‘Lion’s’ story is a movie of two halves. Caught between the present and the past, its characters can not move forward without being tied to their origins and its here that there is a disparity of riches.
Whilst Dev Patel puts in a career-best performance (where he is at last allowed to broaden his range), the past (as carried by first-time actor Sunny Pawar) easily eclipses Patel’s turn and becomes the centre of the story. As is so often the case with break-through performances and first-time actors, they seem to bring a heightened sense of reality to the proceedings, so much so that when the main plot (or A-list cast) arrive the movie can start to feel suddenly pedestrian. And so it is with ‘Lion’. The first half is ably carried by talented unknowns only to be later supplanted by all-too familiar acting faces and its hard-won immediacy slowly slips away into a sense of melodramatic predictability, which is a shame given the true-life nature of the tale.
Mirroring the determination of its central character, it resolutely sticks to its central tenet of abandonment.

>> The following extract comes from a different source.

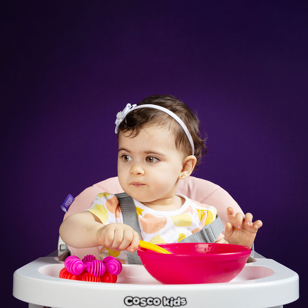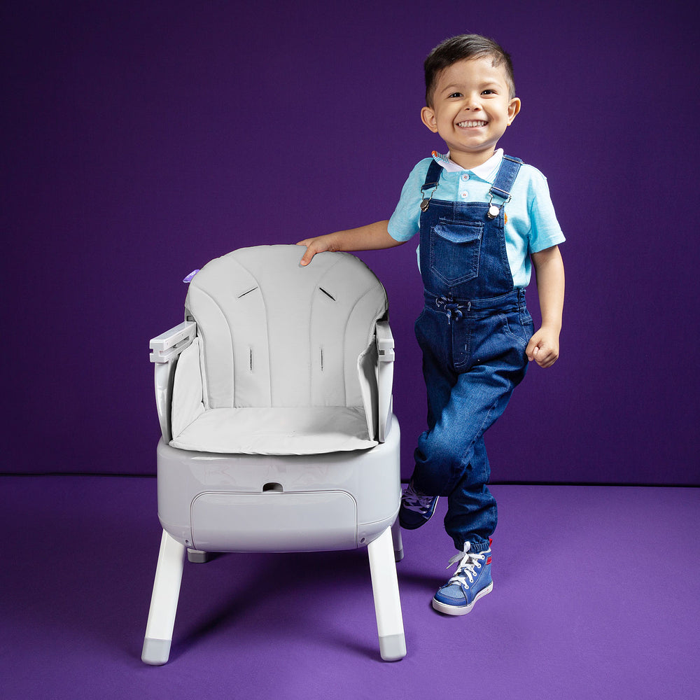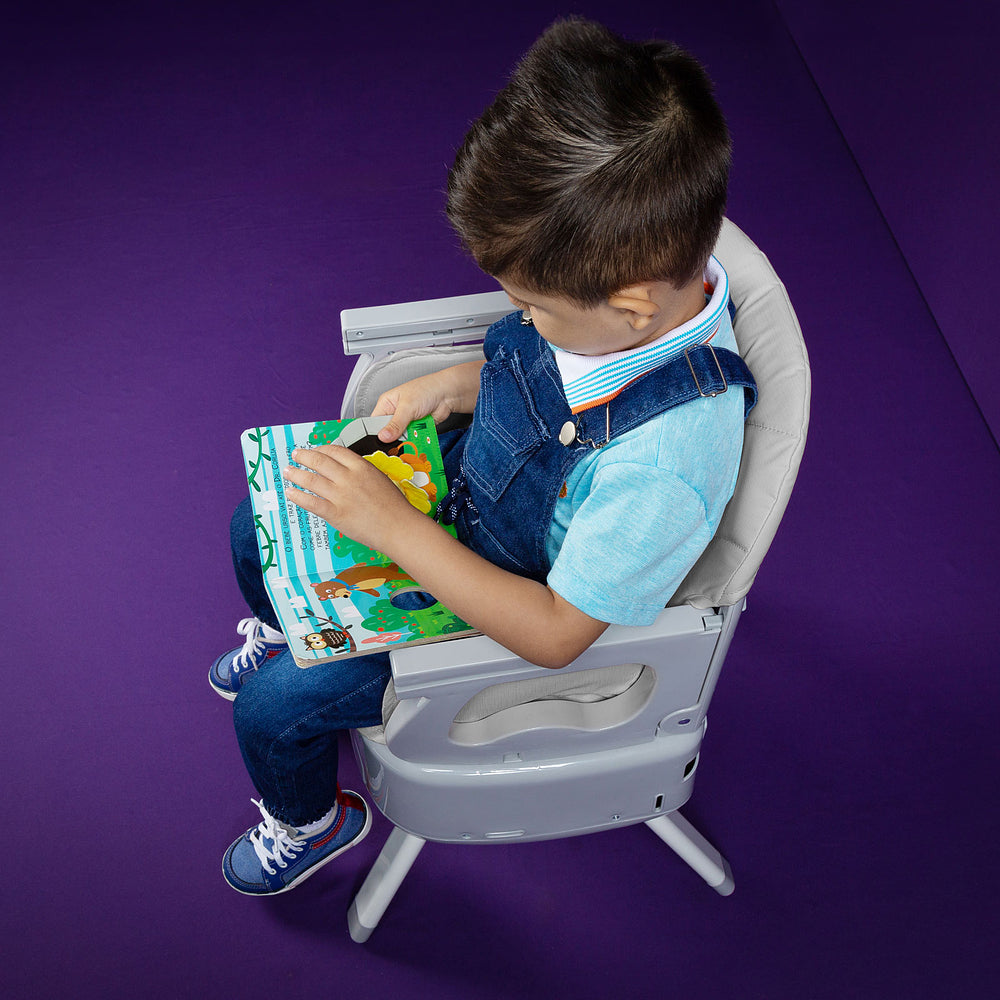 Além das diferentes maneiras de usar, ela também acompanha o crescimento do pequeno: a bandeja pode ser ajustada em 3 posições de distância, o cinto de segurança de 5 pontos tem ajuste de largura e a tira que fica entre as pernas da criança tem 2 posições. Pra uma posição bem confortável, o apoio dobrável de pés pode ser aberto na hora da refeição e depois, ficar fechadinho.

In the end, ‘Lion’ is a story about separation and isolation and how the past can have a hold on the future. Mirroring the determination of its central character, it resolutely sticks to its central tenet of abandonment, at the expense of exploring some of its other characters, which might have yielded even more and drama and suspense.
On reflection ’Lion’s’ adherence to veracity and the eschewing of saccharine is commendable as are the performances (especially in the first half). However as a tale of perseverance against crushingly futile odds, it wanes against similar movies like Denis Villeneuve’s ‘Incendies’ and the evergreen ‘The Killing Fields’ both of which will have you choking back the tears until the very last second.